VICTORY: Marlon James

JAMAICAN AUTHOR Marlon James has won the Man Booker Prize for his novel loosely based on the attempted murder of Bob Marley.

The 680-page epic, A Brief History of Seven Killings, has been dubbed the great Jamaican novel by critics and covers social upheaval and political violence on the Caribbean island.

James, an English professor who lives in the US, is the first Jamaican to be honoured with the prestigious £50,000 literary prize.

Collecting the accolade, presented by the Duchess of Cornwall, he said: "The Booker is the kind of thing that shapes your writing and shapes your thinking.

"It's so surreal. I keep thinking I'm going to wake up or fall into a whole barrage of tears but I'm going to keep it together."

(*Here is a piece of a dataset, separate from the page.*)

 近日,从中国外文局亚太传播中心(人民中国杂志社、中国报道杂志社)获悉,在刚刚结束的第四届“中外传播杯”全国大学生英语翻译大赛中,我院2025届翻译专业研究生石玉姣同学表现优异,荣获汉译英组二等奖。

James also joked: "I'm not an easy writer to like."

Michael Wood, chair of the judges, said the novel was "extraordinary" but controversial.

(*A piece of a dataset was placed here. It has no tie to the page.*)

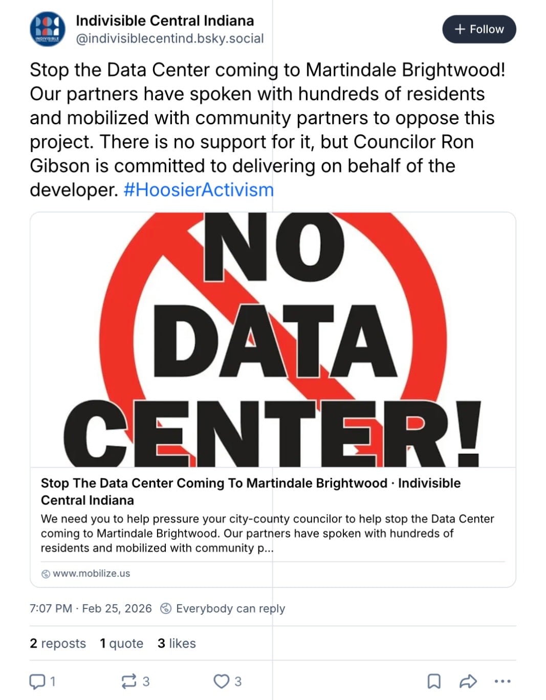 Social media posts reviewed by The Daily Wire show organizers encouraging residents to contact Gibson to opposed the data center. In one post, activists urged supporters to call residents and connect them with Gibson’s office to voice their concerns. The Indivisible Chapter for Central Indiana’s Facebook page urged allies to “bring a smartphone + charger,” adding, “Our dialing system provides scripts.” The group offered two days to join in for phone calls with “multiple slots” for people to sign up.

"It’s very violent, full of swearing," he said, adding: "It’s also full of surprises."

In his acceptance speech, the 44-year-old said: "You know, ten years ago, in fact almost exactly ten years ago, I'd given up on writing.

"I'd written a novel and then deleted it. I destroyed it. It was a novel that was actually rejected around 70 times and I figured I was clearly not meant to write books.

"It was not until a writer came to Jamaica, her name was Kaylie Jones - her father wrote From Here to Eternity - and she insisted I show her this manuscript. And can I tell you, Norton undelete does not work if you deleted a file over four years ago.

"I remember going through so much lengths to find this novel. I found it on an old laptop in Outlook Express - and that should tell you how old it was - and there it was. She published the novel and I'm eternally grateful to her."

James' debut novel was The Book of Night Women, also set in Jamaica, which follows Lilith, a young woman born into slavery who challenges the boundaries of what is expected of her.